Start the copy at the line containing "10月28日(金)、1年生は" and run it through the last line of the records. Repeat each line exactly; omit pictures.

····················

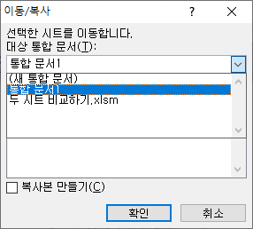 2. 이동 / 복사 메뉴에서 현재 시트들을 이동 시킬 대상 파일을 선택 한 다음,
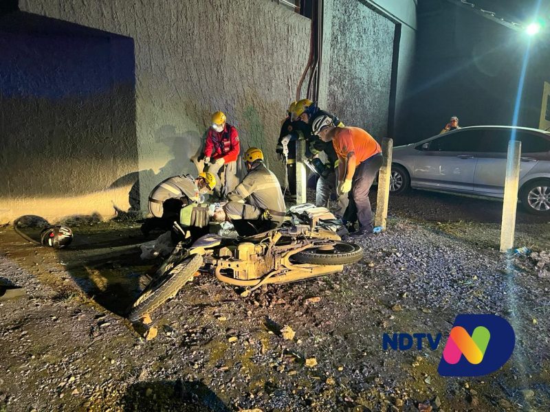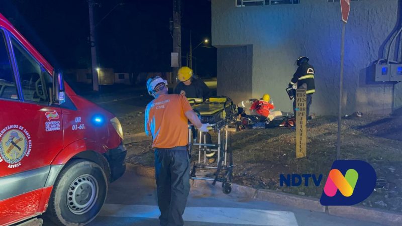 Uma motociclista ficou gravemente ferida após um acidente entre carro e motocicleta em Joinville, no Norte de Santa Catarina, na noite de quinta-feira (22).
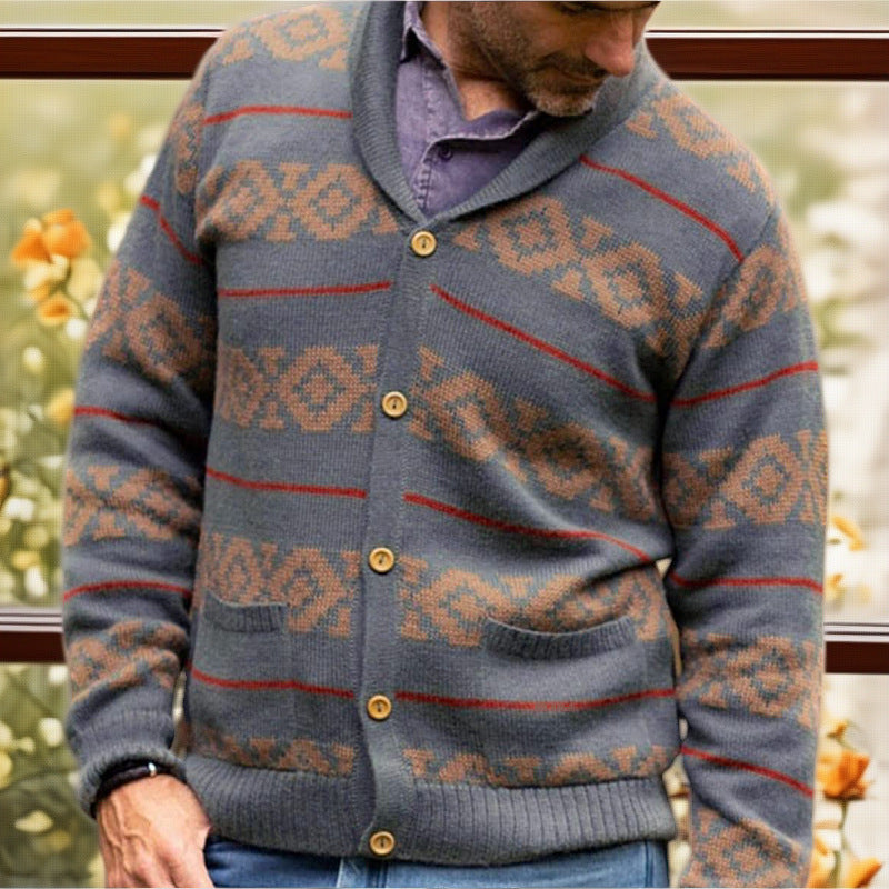 Upptäck den perfekta blandningen av stil och komfort med vår högkvalitativa herrkofta. Denna moderna kofta kombinerar ett modernt geometriskt mönster med praktiska funktioner och kommer snabbt att bli en viktig del av din garderob.
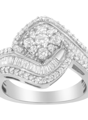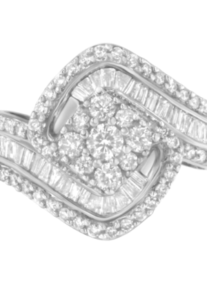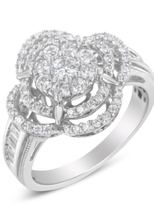 14K White Gold 1.0 Cttw Baguette & Brilliant-Cut Diamond Round Floral Cluster Engagement or Fashion Ring with Swirl Wrapped Triple Row Band (H-I Color, SI2-I1 Clarity)
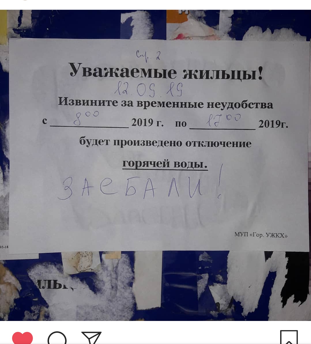 Температурные показания горячей воды можно снять дистанционно через приборы учета ГВХ, которые установлены на дом. Только работники МУП не хотят это афиширошировать. Удобно типа мы приходили Вас не было дома; диспетчеру звонишь: да Вы что, а мы не знаем, заявку обязательно передадим наладчикам и т.д. На заявление об отсутствие горячей воды (тоже бежала ниже 45 градусов), которое писала через электронную приёмную городской администрации, пришёл ответ где были предоставлены температурные показания поступаемой горячей воды в дом снятые с приборов ГВХ. До этого также месяц маялись: днём вода есть, вечером во время большого водоразбора нет воды (чуть тёплая). Устранили в течение 3 рабочих дней. Сообщение отредактировал Elvira - 12.9.2019, 10:42 |
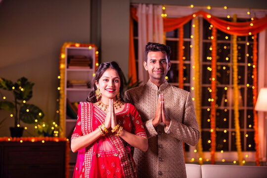 Indian young couple celebrating diwali at home posing for photograph
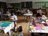 10月28日(金)、1年生は読書感想画の色塗りに入りました。クレヨンで描いたと...
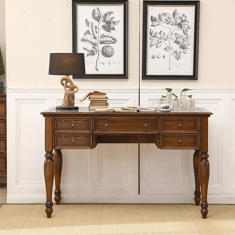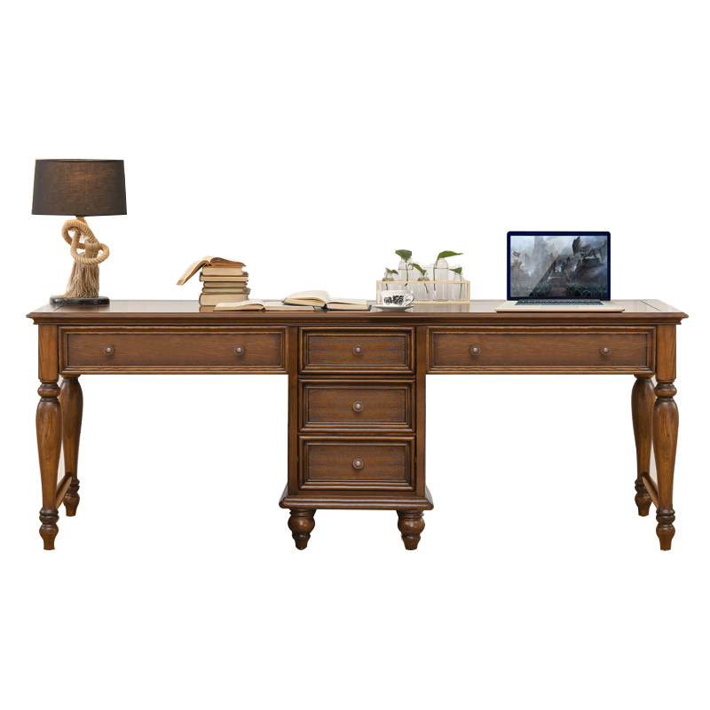 Double American all solid wood long desk home multifunctional bedroom study large desk adult computer desk
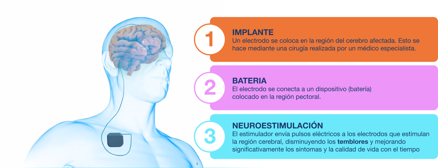 El tratamiento utiliza la tecnología de un dispositivo (bateria) implantado bajo la piel, conectado a electrodos que estimulan la región del cerebro afectada por el Parkinson, mejorando los síntomas.³
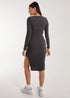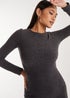 Pink Vanilla Charcoal Soft Brushed Rib Long Sleeve Midi Dress

····················

- Response box
 10月28日(金)、1年生は読書感想画の色塗りに入りました。クレヨンで描いたと...
 Double American all solid wood long desk home multifunctional bedroom study large desk adult computer desk
 El tratamiento utiliza la tecnología de un dispositivo (bateria) implantado bajo la piel, conectado a electrodos que estimulan la región del cerebro afectada por el Parkinson, mejorando los síntomas.³
 Pink Vanilla Charcoal Soft Brushed Rib Long Sleeve Midi Dress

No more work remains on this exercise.